Objective: To compare the detection rate of genital human papillomavirus (HPV) infection in self- and physician-obtained samples.
Design: Systematic review and meta-analysis.
Data sources: Studies published between 1966 and November 2005 identified through Medline and Embase that compared both sampling methods.
Main outcome measures: We calculated the concordance and kappa statistic between physician- and self-sampling and the difference between proportions of HPV positive samples. Weighted averages were reported with 95% confidence intervals (CI) using a random-effects model.

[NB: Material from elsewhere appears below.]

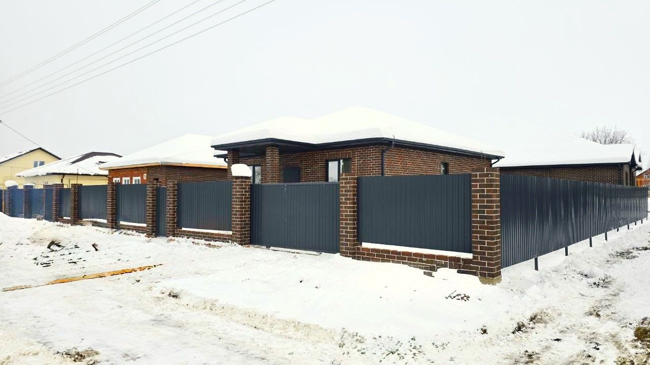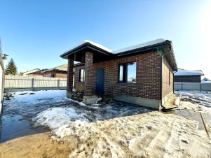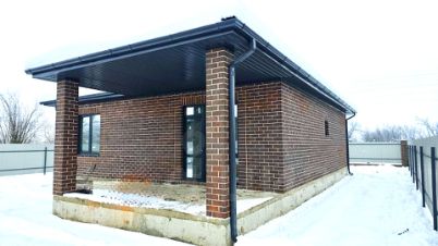 Одноэтажный коттедж возведен полностью из кирпича на свайно-ростверковом фундаменте, высокий цоколь, внутренние стены — забутовочный кирпич, наружные стены — облицовочный керамический кирпич, мультифункциональные металлопластиковые окна с внешней ламинацией, кровля — металлочерепица, капитальная крытая терраса.

Results: Eighteen studies (5441 participants) were included that evaluated broad HPV type categories, 10 (3688 patients) that of high-risk (HR) HPV and three (530) that of low-risk (LR) HPV. A high level of concordance of 0.87 (95%CI, 0.82 to 0.91) between self- and physician-sampling was obtained for detection of HPV DNA (kappa 0.66, 95%CI, 0.56 to 0.76). The prevalence difference of HPV DNA between sampling methods was -0.5 (95%CI, -2.8 to 1.8). Results were similar when restricting the analysis to HR-HPV but the prevalence of LR-HPV types was higher in self-collected samples.
Conclusion: Self-sampling was as sensitive as physician-obtained sampling to detect HR-HPV or HPV DNA. Self-sampling may be a suitable alternative method for studies on HPV transmission and vaccine trials.